• [What this task involves]
Pictures are to be left out, and only the lines below starting at the one with "Жилая площадь 10.2 м2" and ending at the one with "作為新型功率半導體器件的主流" are to be reproduced, each exactly, both ends included.

• [Data for processing]
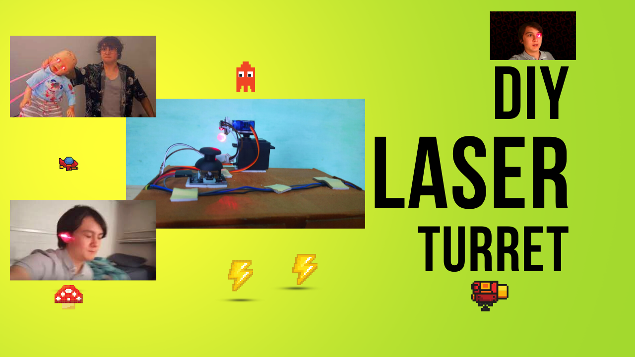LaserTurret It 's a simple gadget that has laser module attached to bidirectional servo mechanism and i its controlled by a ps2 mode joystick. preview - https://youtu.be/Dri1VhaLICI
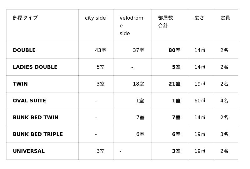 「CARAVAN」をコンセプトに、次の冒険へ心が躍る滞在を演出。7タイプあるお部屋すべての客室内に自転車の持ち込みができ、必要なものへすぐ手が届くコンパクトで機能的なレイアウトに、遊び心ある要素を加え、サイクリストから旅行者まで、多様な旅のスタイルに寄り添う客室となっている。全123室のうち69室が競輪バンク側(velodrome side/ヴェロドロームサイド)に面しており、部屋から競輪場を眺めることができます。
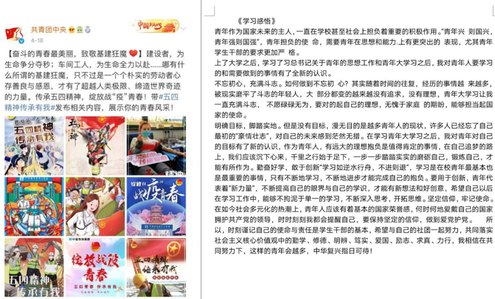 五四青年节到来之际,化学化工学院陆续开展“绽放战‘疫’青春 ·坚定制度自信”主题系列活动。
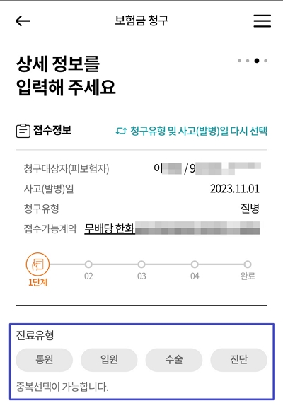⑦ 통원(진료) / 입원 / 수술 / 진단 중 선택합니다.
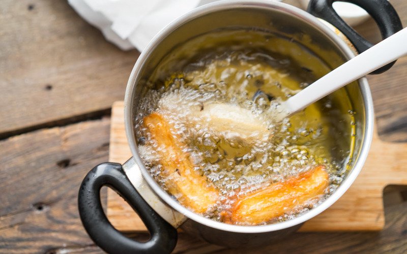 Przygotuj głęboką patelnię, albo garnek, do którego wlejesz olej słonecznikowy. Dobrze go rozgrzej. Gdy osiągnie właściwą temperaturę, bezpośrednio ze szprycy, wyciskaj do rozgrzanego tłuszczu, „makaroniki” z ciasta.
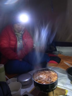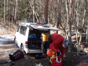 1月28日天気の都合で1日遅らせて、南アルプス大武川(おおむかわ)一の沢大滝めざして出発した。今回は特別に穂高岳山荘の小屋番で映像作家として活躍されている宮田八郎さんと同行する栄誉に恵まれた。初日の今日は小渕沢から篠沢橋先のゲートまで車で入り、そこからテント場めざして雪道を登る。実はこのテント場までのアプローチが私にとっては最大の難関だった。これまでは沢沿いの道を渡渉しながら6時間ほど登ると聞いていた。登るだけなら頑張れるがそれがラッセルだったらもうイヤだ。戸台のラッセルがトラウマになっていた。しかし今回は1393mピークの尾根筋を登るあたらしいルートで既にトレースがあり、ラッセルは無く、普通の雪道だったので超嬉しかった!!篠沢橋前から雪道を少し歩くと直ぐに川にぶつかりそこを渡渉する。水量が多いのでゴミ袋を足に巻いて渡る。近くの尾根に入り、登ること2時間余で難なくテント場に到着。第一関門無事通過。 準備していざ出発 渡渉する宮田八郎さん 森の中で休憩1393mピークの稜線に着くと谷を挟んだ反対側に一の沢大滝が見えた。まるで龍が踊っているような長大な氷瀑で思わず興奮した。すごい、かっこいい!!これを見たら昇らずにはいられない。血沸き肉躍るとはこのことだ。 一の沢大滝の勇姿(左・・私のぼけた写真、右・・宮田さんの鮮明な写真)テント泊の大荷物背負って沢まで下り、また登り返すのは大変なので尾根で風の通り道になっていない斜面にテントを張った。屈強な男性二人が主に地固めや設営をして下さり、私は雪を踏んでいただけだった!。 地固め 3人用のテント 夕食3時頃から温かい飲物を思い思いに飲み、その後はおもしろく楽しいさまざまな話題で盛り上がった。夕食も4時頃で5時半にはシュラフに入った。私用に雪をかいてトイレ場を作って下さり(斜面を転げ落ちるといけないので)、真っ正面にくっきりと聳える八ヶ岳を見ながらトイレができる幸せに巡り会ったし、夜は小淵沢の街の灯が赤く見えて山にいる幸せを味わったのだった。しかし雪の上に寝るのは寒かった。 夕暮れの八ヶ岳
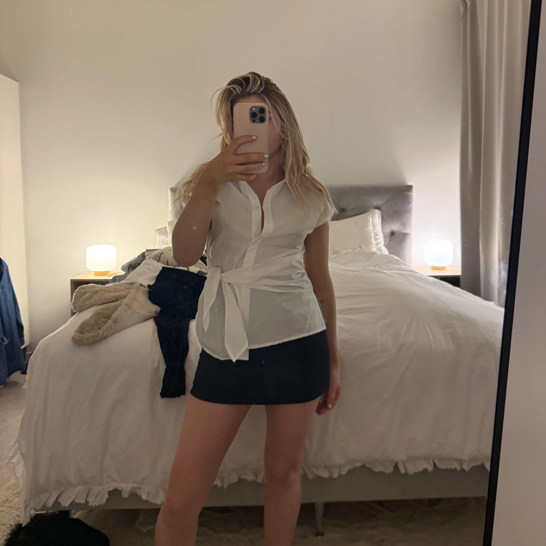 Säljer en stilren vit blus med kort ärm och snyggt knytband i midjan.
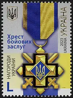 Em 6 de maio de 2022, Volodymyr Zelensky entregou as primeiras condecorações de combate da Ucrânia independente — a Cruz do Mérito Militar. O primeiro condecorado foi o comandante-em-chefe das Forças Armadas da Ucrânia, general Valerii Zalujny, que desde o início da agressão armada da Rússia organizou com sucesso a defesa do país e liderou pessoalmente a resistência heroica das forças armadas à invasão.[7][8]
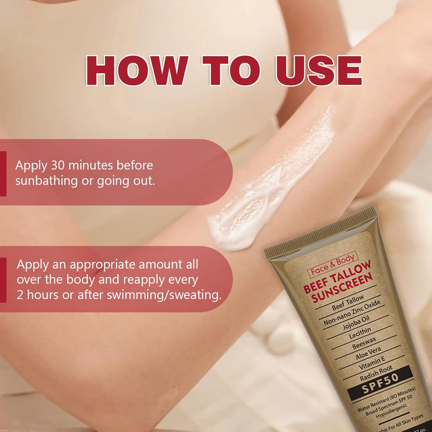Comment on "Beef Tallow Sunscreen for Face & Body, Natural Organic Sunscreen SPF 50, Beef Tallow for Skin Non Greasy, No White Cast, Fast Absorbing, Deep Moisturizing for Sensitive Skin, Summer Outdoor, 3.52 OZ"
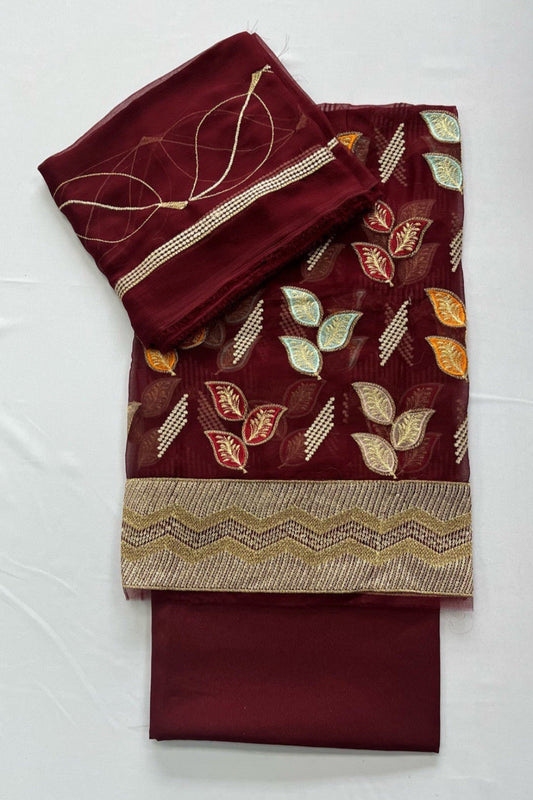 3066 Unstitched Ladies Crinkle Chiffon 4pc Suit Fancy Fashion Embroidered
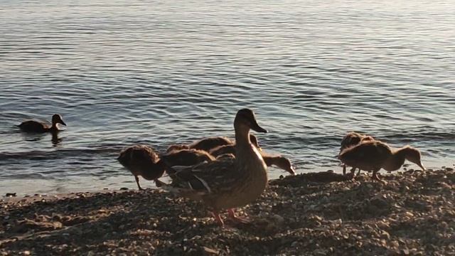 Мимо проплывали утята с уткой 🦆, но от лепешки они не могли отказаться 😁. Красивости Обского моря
* * *
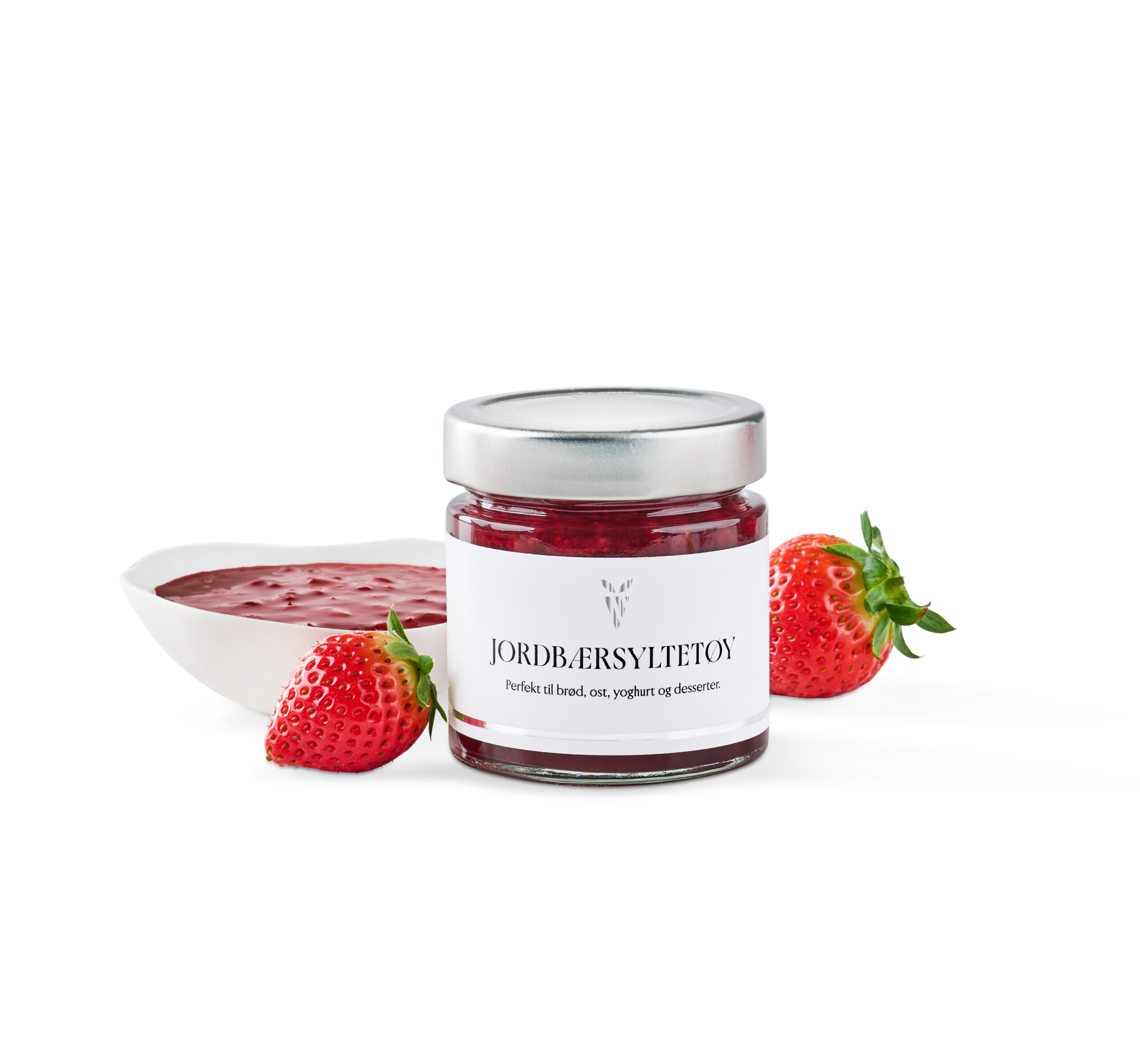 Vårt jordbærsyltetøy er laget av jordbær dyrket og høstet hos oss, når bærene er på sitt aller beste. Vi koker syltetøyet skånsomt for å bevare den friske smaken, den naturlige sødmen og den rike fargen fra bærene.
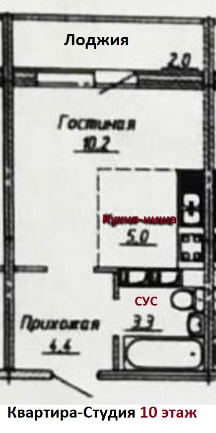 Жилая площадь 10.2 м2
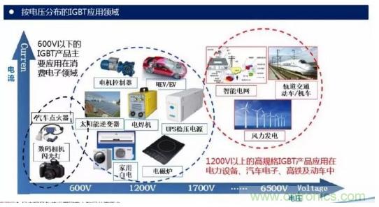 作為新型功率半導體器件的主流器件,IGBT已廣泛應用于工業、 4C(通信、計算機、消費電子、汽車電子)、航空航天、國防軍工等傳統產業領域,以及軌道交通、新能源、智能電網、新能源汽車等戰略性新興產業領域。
==
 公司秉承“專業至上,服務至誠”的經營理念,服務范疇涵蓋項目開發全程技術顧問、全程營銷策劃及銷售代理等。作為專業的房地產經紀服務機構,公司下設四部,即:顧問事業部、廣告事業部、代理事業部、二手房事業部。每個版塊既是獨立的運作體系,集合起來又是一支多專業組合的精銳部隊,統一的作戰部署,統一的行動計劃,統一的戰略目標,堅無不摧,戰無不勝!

• [Answer below]
 Жилая площадь 10.2 м2
 作為新型功率半導體器件的主流器件,IGBT已廣泛應用于工業、 4C(通信、計算機、消費電子、汽車電子)、航空航天、國防軍工等傳統產業領域,以及軌道交通、新能源、智能電網、新能源汽車等戰略性新興產業領域。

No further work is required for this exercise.